### What to work on
Exactly as written, reproduce the lines from the beginning of the data through the line containing "ROBO这波40%的天地针,表面看是空投"; the pictures are not reproduced.

### Listed records

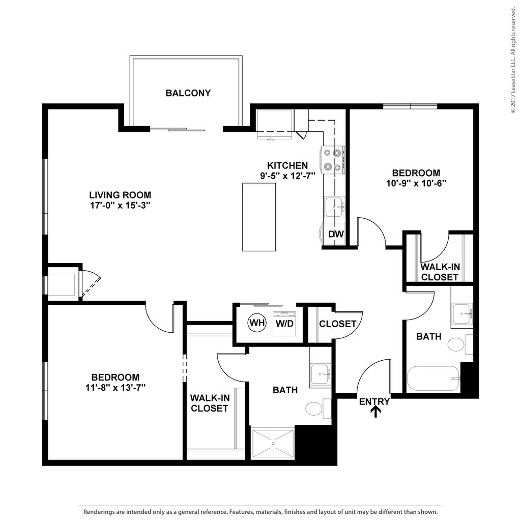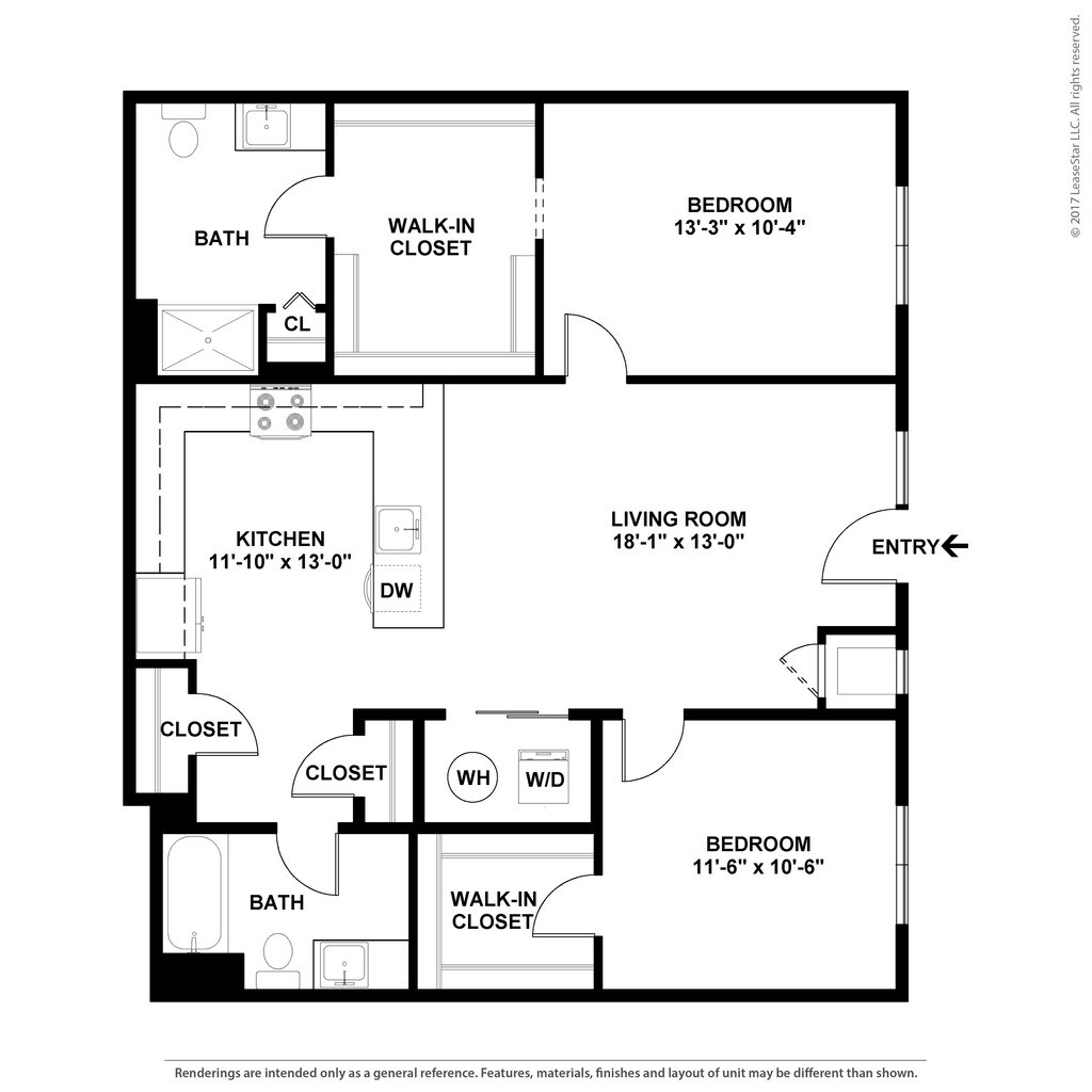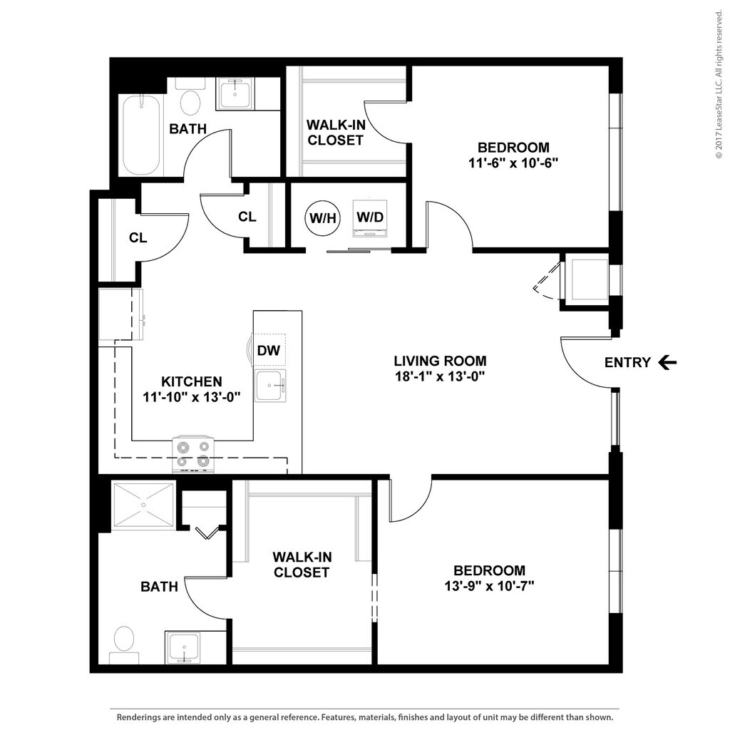 S2 - Floorplan 2 Floor plans are artist's rendering. All dimensions are approximate. Actual product and specifications may vary in dimension or detail. Not all features are available in every rental home. Prices and availability are subject to change. Base rent is based on monthly frequency. Additional fees may apply, such as but not limited to package delivery, trash, water, amenities, etc. Deposits vary. Please see a representative for details.
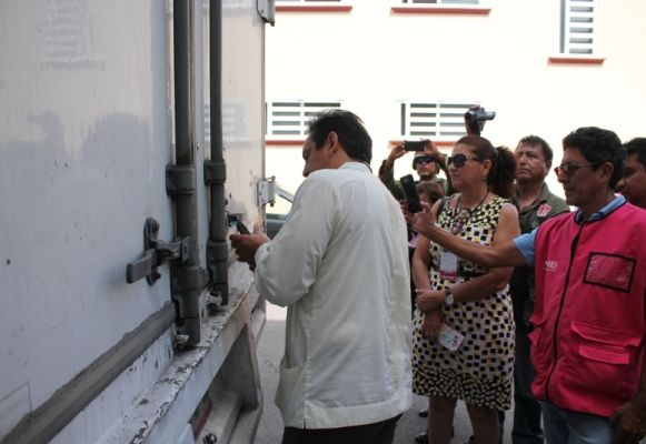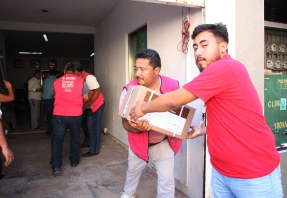 PLAYA DEL CARMEN, Quintana Roo, 5 de junio.- Minutos después de las tres de la tarde arribó a la sede de la Junta Distrital 01 el camión con los paquetes electorales que contienen las boletas, actas y documentación con membrete, custodiado por elementos de la Secretaría de Marina-Armada de México.
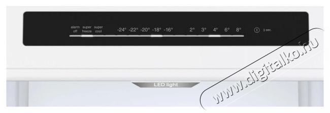 | Hűtőszekrény tulajdonságai | 90°-os ajtónyitás, Kijelző, LED világítás, Nyitott hűtőajtó jelzés |
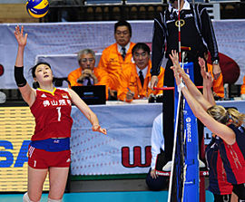 第四局比赛战至2平后波恩和拉尔森连续两次封死杨珺菁的快攻让美国队以4-2超出,中国队用马蕴雯换下杨珺菁加强快攻突破。中国队只有惠若琪的强攻较有威胁,美国队依靠胡尔克的强攻和发球以6-3领先,随后又是胡克尔两次后攻命中帮助美国以8-4领先进入第一次技术暂停。暂停后王一梅的强攻和张磊的反击接连得手,随后徐云丽和惠若琪的扣球也屡有斩获帮助本队将比分迫近到9-10,替补登场的陈丽怡发球造成对手无攻后马蕴雯反击快攻命中使得中国队追至12平。13平后王一梅封死波恩的快攻以及她的两次强攻反击命中让中国队连得三分在第二次技术暂停时以16-13反超。暂停后王一梅的强攻和马蕴雯的快攻相继反击命中使得本队将领先优势扩大到18-13,美国队则依靠波恩的两次快攻和胡克尔的后攻连拿三分将比分差距缩小到16-18,好在王一梅的强攻、徐云丽拦探头成功让本队以21-16领先。关键时刻王一梅四号位重扣得手帮助本队以24-18领先获得局点,胡克尔挽回一个局点后惠若琪强攻下球将比分定格在25-19,中国队将大比分追至2平。
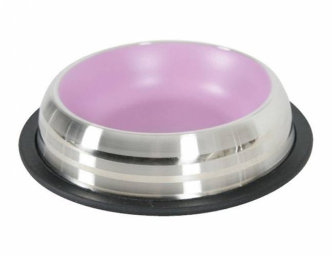 Zolux Merenda miska antypoślizgowa - różowy Metalowa miska wykonana z wysokiej jakości stali nierdzewnej. Na spodzie miski znajduje się zabezpieczenie antypoślizgowe dla lepszej stabilności podczas posiłku. Można zmywać w zmywarce. Pojemność: 500ml
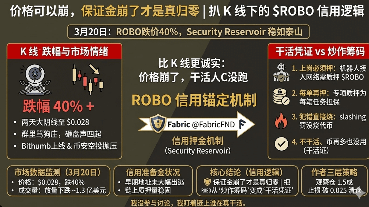 ROBO这波40%的天地针,表面看是空投砸盘、Bithumb利好出尽。但Security Reservoir里那批没跑的人,比K线更诚实。
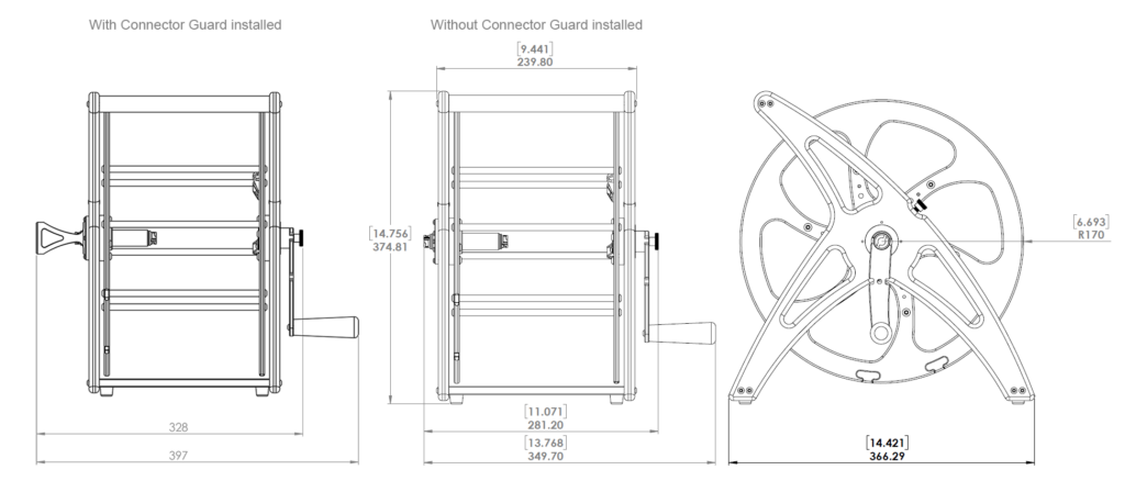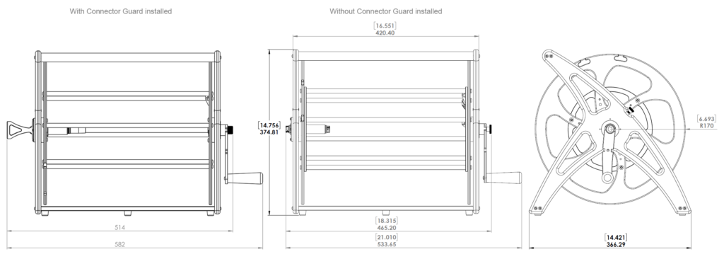 The crank handle can be removed with a single thumb screw, allowing it to be flipped around and reinstalled for easy transportation and locking of the spool.

### Output of the exercise
 S2 - Floorplan 2 Floor plans are artist's rendering. All dimensions are approximate. Actual product and specifications may vary in dimension or detail. Not all features are available in every rental home. Prices and availability are subject to change. Base rent is based on monthly frequency. Additional fees may apply, such as but not limited to package delivery, trash, water, amenities, etc. Deposits vary. Please see a representative for details.
 PLAYA DEL CARMEN, Quintana Roo, 5 de junio.- Minutos después de las tres de la tarde arribó a la sede de la Junta Distrital 01 el camión con los paquetes electorales que contienen las boletas, actas y documentación con membrete, custodiado por elementos de la Secretaría de Marina-Armada de México.
 | Hűtőszekrény tulajdonságai | 90°-os ajtónyitás, Kijelző, LED világítás, Nyitott hűtőajtó jelzés |
 第四局比赛战至2平后波恩和拉尔森连续两次封死杨珺菁的快攻让美国队以4-2超出,中国队用马蕴雯换下杨珺菁加强快攻突破。中国队只有惠若琪的强攻较有威胁,美国队依靠胡尔克的强攻和发球以6-3领先,随后又是胡克尔两次后攻命中帮助美国以8-4领先进入第一次技术暂停。暂停后王一梅的强攻和张磊的反击接连得手,随后徐云丽和惠若琪的扣球也屡有斩获帮助本队将比分迫近到9-10,替补登场的陈丽怡发球造成对手无攻后马蕴雯反击快攻命中使得中国队追至12平。13平后王一梅封死波恩的快攻以及她的两次强攻反击命中让中国队连得三分在第二次技术暂停时以16-13反超。暂停后王一梅的强攻和马蕴雯的快攻相继反击命中使得本队将领先优势扩大到18-13,美国队则依靠波恩的两次快攻和胡克尔的后攻连拿三分将比分差距缩小到16-18,好在王一梅的强攻、徐云丽拦探头成功让本队以21-16领先。关键时刻王一梅四号位重扣得手帮助本队以24-18领先获得局点,胡克尔挽回一个局点后惠若琪强攻下球将比分定格在25-19,中国队将大比分追至2平。
 Zolux Merenda miska antypoślizgowa - różowy Metalowa miska wykonana z wysokiej jakości stali nierdzewnej. Na spodzie miski znajduje się zabezpieczenie antypoślizgowe dla lepszej stabilności podczas posiłku. Można zmywać w zmywarce. Pojemność: 500ml
 ROBO这波40%的天地针,表面看是空投砸盘、Bithumb利好出尽。但Security Reservoir里那批没跑的人,比K线更诚实。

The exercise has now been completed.